● Given material
• • • •

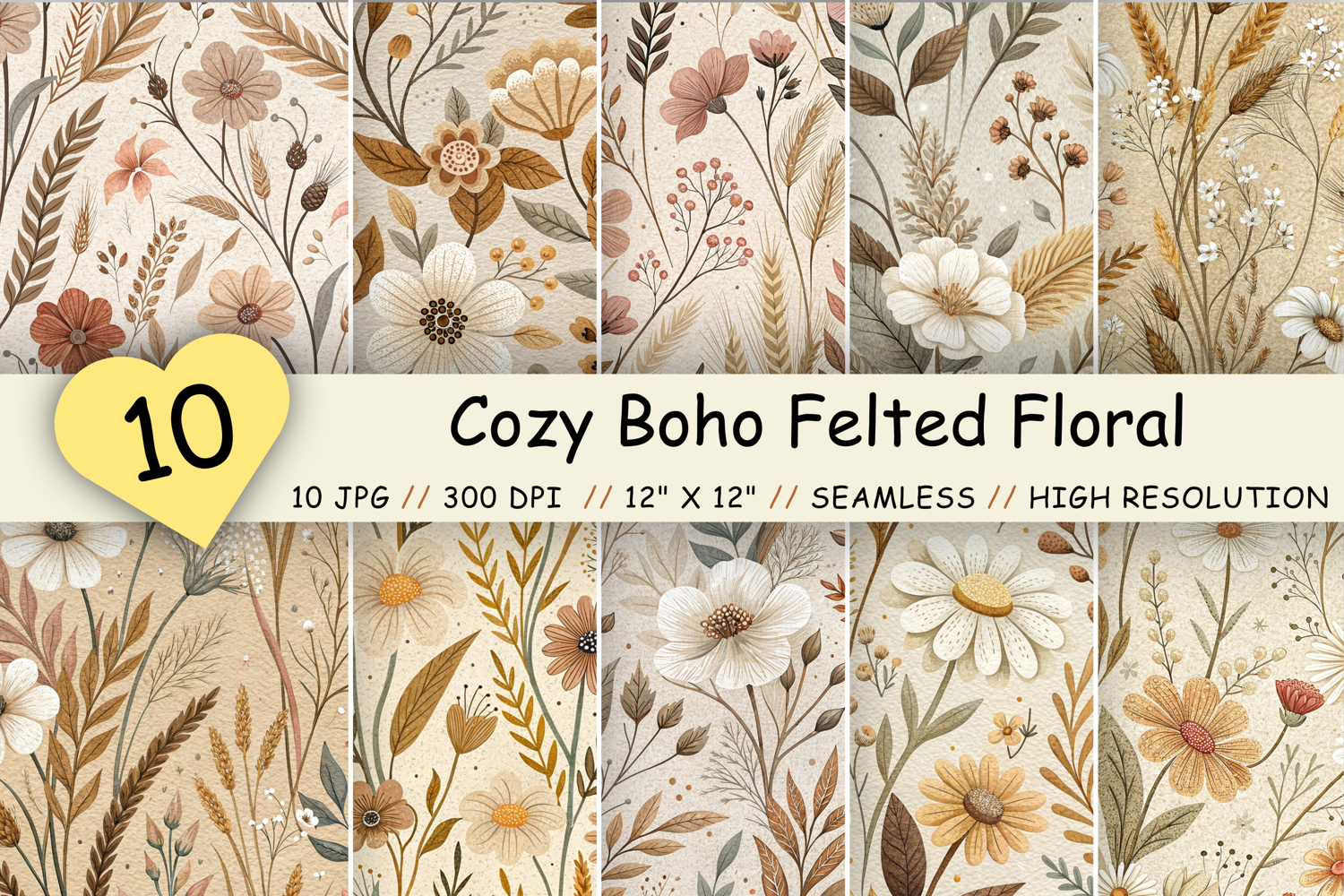 Cozy Boho Felted Floral Seamless Pattern Bundle, Neutral
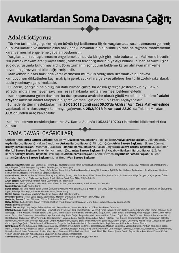 Aralarında çok sayıda ilin baro başkanlarının da yer aldığı avukatlar, 301 işçinin yaşamını yitirdiği Soma davasına çağrı yaptı.
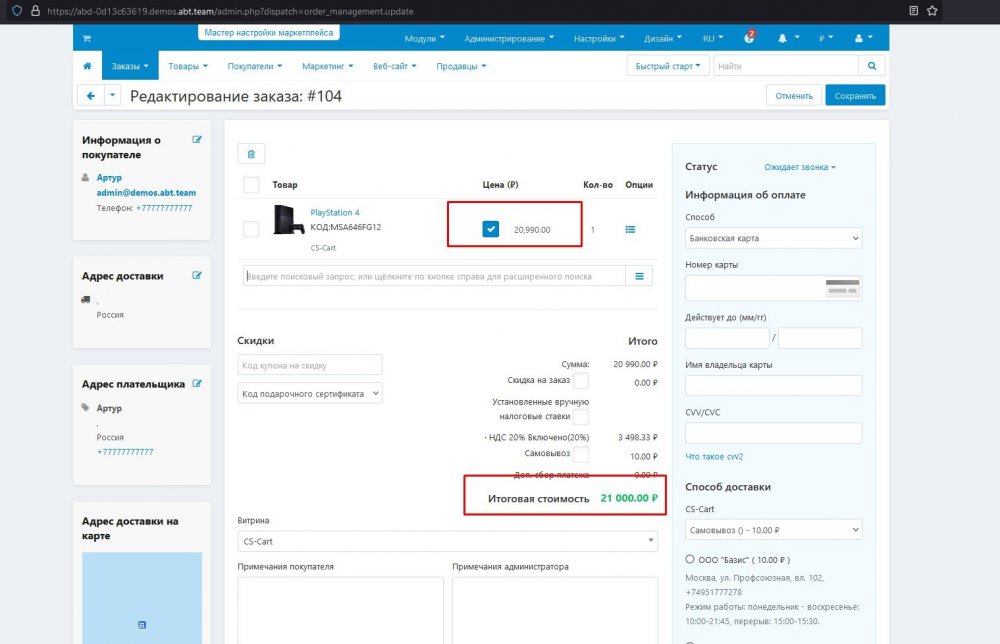 Здравствуйте! Столкнулся с такой проблемой, скорее всего это к cs-cart но модуль то ваш )) У нас нас сайте при заказе от 100 тмт доставка бесплатная. Стоимость товара 156 тмт значит доставка бесплатная, Итог 156.50 тмт. Ииду в заказы-заказы и далее редактировать и там вижу вообще другую сумму 176.50 почему считаем доставку 20 тмт если доставка у нас бесплатная стоит?!

• • • •

● What to produce
Repeat the material above in full and unchanged, minus its images.

● Expected output
 Cozy Boho Felted Floral Seamless Pattern Bundle, Neutral
 Aralarında çok sayıda ilin baro başkanlarının da yer aldığı avukatlar, 301 işçinin yaşamını yitirdiği Soma davasına çağrı yaptı.
 Здравствуйте! Столкнулся с такой проблемой, скорее всего это к cs-cart но модуль то ваш )) У нас нас сайте при заказе от 100 тмт доставка бесплатная. Стоимость товара 156 тмт значит доставка бесплатная, Итог 156.50 тмт. Ииду в заказы-заказы и далее редактировать и там вижу вообще другую сумму 176.50 почему считаем доставку 20 тмт если доставка у нас бесплатная стоит?!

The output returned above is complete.